John Ronald Reuel Tolkien had an unremarkable birth. He was born
in South Africa, and lived his first few uneventful years there. He
then took an unexciting trip back to England where he was to stay. As
a man, Tolkien was quite unremarkable in appearance, wore generally
unremarkable clothes, and led what some would suspect was an unremarkable
life. He in fact seemed to be the archtypical Oxford don
gazing off into nothingness and mumbling about this or that. There
are a few things about this man, however, that are quite remarkable.
Somewhere along the way he developed an intense sense of perfectionism.
This was perhaps the single most important trait that Tolkien held in
relation to his work and writing.
It would not be right to say that Tolkien led an uneventful
life. His mother and father died when he was quite young, his mothers
death being quite a blow. He served in the Great War, and many of his
friends were killed. He saw much of what is wrong with us during the war.
He married and had children, certainly an important aspect in Tolkiens
life. And, of course, he wrote one of the most popular and acclaimed series
of books that has ever been written.
It was Tolkiens perfectionism that whittled and worked at a
great mass of manuscript to produce The Hobbit and The Lord of
the Rings, though this perfectionism also showed in his exhaustive
treatises on philology that was his chosen lifes work. His avowed
love, however, lay with what became published as The Silmarillion.

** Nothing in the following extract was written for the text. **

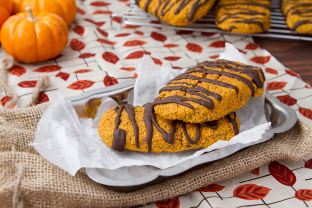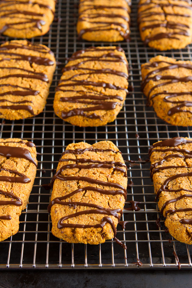 Moist grain-free (and paleo!) protein bars made with pumpkin puree, protein powder and magnesium, drizzled with a healthy layer of melted chocolate.
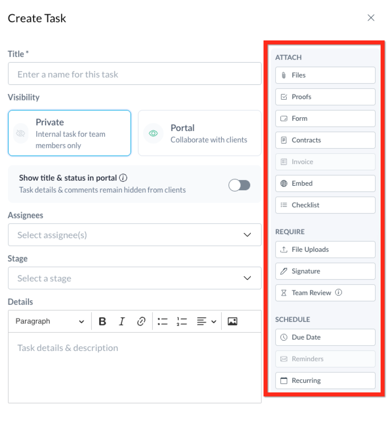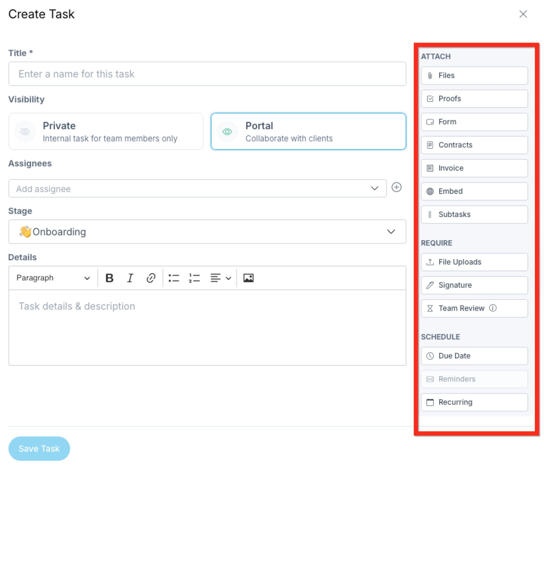 - Due Date: Specify a date by which the task must be completed by a client or team member.

So why did not Tolkien work first and foremost on this great volume? It
seems that his perfectionism would not allow it to go to press with any
misconceptions, mistakes, or malapropisms.
It is easier to understand Tolkiens obsession with perfecting
this body of myth (for myth it is) when one considers his goal. He wanted a
mythology "for England;" one with the scope of human emotion and
thought that would rival and surpass the fragments of any earlier mythology
such as the Kalevala or the Eddas. Tolkien felt that mythology
is very much tied up in the identity of a culture, and that the loss of such
a cultural trait can only bring disillusionment and a kind of cultural identity
crisis that would result in the loss of any "national spirit." He saw
myth as a way to defend, perhaps, his beloved trees and countryside, for if
everyone read myth and knew myth as he did, would they not grow to love the
countryside as reminiscent of the great stories?
The Silmarillion was an attempt to create a secondary world in
which truths Tolkien believed and lived by could be couched in a universal manner.
That is to say, Tolkien believed that his myths must be imbued with a Christian
ethic, though any obvious or direct intrusion from this world would destroy the
"willing suspension of disbelief" that was necessary for the effect.
The Myth, then, must be comprehensive in its morals and very, very internally
consistent. This is what held up the creation of this volume. Tolkien reworked
it, rewrote it, rephrased it, and did everything he could, constantly, to
perfect his epic. He was such a perfectionist that it never was published in
his lifetime (though he thought he would live longer than he did).
The Silmarillion became a fluid, changing group of stories that
represented the core ideals of Tolkiens mythology. Perhaps this is the
crux of the matter. The earlier fragments of the ancient mythologies Tolkien
used as references to a more complete one were simply written down forms of an
oral tradition. A tradition that changed constantly as one poet would interpret
the same story in his own unique way. So Tolkien constantly changed his own
stories, never satisfied with any one "version" as the "correct"
one, for in truth there could not be a single "correct" version.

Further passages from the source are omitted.